経済の実学からスタートして、ようやく全体の見取り図ができてきた数学。ただし、自分の場合は「応用数学」にしか適性ないようだ。

つまり、「数学を使って『なにかする』」分野だと、相当一生懸命に取り組める。でも「数学の思考だけを追っかける」方には、向いてないみたい。

よく分からなかった虚数(imaginary number)も、また虚数を使った複素数平面も、行列(matrix)も、「CGで使います」と教えられて急に飲み込めた。

自分の場合、スタートが経済学なので、グラフとかデータの分析ばかり考えてたけど、あれだとxy座標ーーつまり「二次元」だけでいいみたい。

ところが、三次元で空間を考えようとした場合、タテ・ヨコ・奥行きを設定するため、xyzの3つの軸が必要なそう。
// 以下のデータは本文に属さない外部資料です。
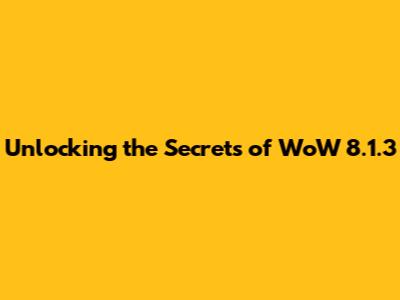 Unlocking The Secrets Of WoW 8.1.3
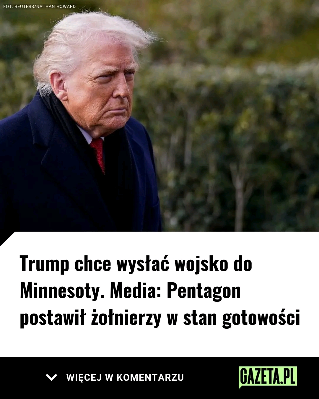 Według nieoficjalnych doniesień “Washington Post” Pentagon wydał rozkaz skierowany do około 1500 amerykańskich żołnierzy, aby przygotowali się do ewentualnego wyjazdu do Minnesoty. Biały Dom w oświadczeniu dla dziennikarzy stwierdził, że wspomniany departament zazwyczaj “jest przygotowany na każdą decyzję, którą prezydent może podjąć lub nie podjąć”. Przypomnijmy, że Donald Trump w czwartek 15 stycznia zapowiedział, że jeżeli politycy z Minnesoty nie powstrzymają protestujących, powoła się na ustawę, która daje mu prawo do użycia wojska na terytorium kraju podczas zamieszek. Głos w sprawie zabrała sekretarz bezpieczeństwa krajowego Kristi Noem, która w rozmowie z dziennikarzami przekazała, że nie wie, czy polityk spełni tę groźbę.
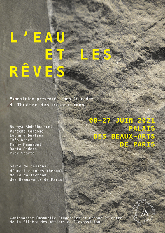 L’eau et les rêves s’abreuve de l’oeuvre littéraire de Gaston Bachelard et de sa pensée sur la « morale de l’eau ». L’exposition nage, voire dérive, au milieu d’une sélection d’esquisses peintes par les étudiants des Beaux-Arts de Paris au 19e siècle. Ces architectures thermales caractéristiques des programmes de l’École sous le second Empire reflètent la « fièvre thermale » qui se répand au même moment sur le territoire français avec l’apparition de villes d’eaux à proximité et au coeur des massifs montagneux. Au centre de ces bâtiments imaginaires, les sculptures des étudiants du Laboratoire Matière/Espace sont comme des fragments d’architecture baignés dans des eaux aquarellées. Elles témoignent de l’existence possible d’un monde émergeant au croisement de deux siècles. Chacune à sa manière évoque en songe le souvenir d’un lieu, d’un moment ou d’une sensation : un passage en forêt, une baignade, des pierres chaudes, de l’eau et des rêves.
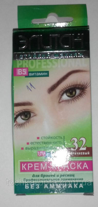 Нова формула крем-фарба для брів і вій без аміаку "Стий макіяж" Елітан забезпечує стійкий макіяж на тривалий час навіть під час контакту з водою. Вітамін В5, що входить до складу продукту, захищає брови та вії від ламкості та випадання, робить їх здоровими та блискучими.
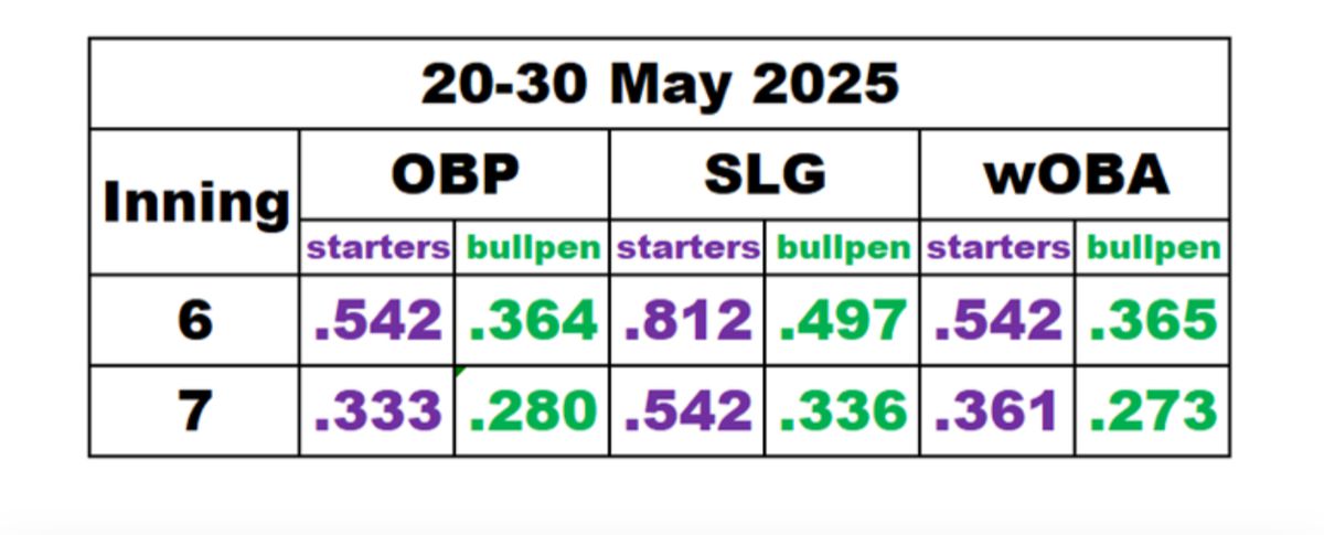 Starting Pitching. Data surprisingly showed me that when each starting pitcher goes beyond a specific number of innings, their results are worse than the bullpen. The Baseball Savant data that initially grabbed my attention is in the following table:
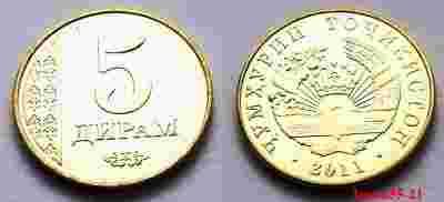 TADŻYKISTAN 5 DIRAM 2011 NOWOŚĆ MENNICZA
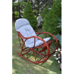 Veľmi pevné a odolné hojdacie kreslo, ručne vyrobené z prírodného prútia vo višňovej farbe.
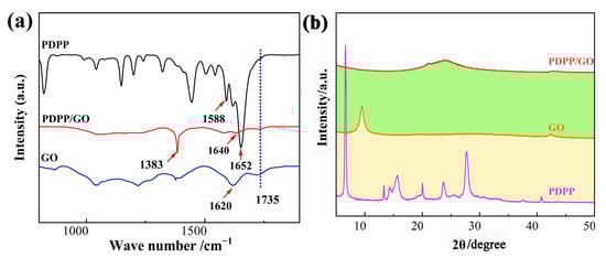 FT-IR (a) and XRD (b) spectra of GO, PDPP, and PDPP/GO.

さらにその軸線上で円を描くとか、移動させるということをやろうとすると、どーしても+/-だけの「実数」では足りなくなるんだって。それで「実数じゃない」虚数を使う由。

こういのが、「使いみち」も含めてわかると、そーなんだー!と急に実感がわく。行列も、xyzの3つ以上の座標軸があるんだから、3点以上をわかるようにしなきゃ、というのでハハーンと(^∇^)。

あとは表記が独特の「三角関数」が関門だなー。sin, cos, tanも元の表記が分かったし、sこれは全部「数ではなくて長さ」だと納得、さらに「角度に応じた変数(はたらきかた)」というのも合点がいった。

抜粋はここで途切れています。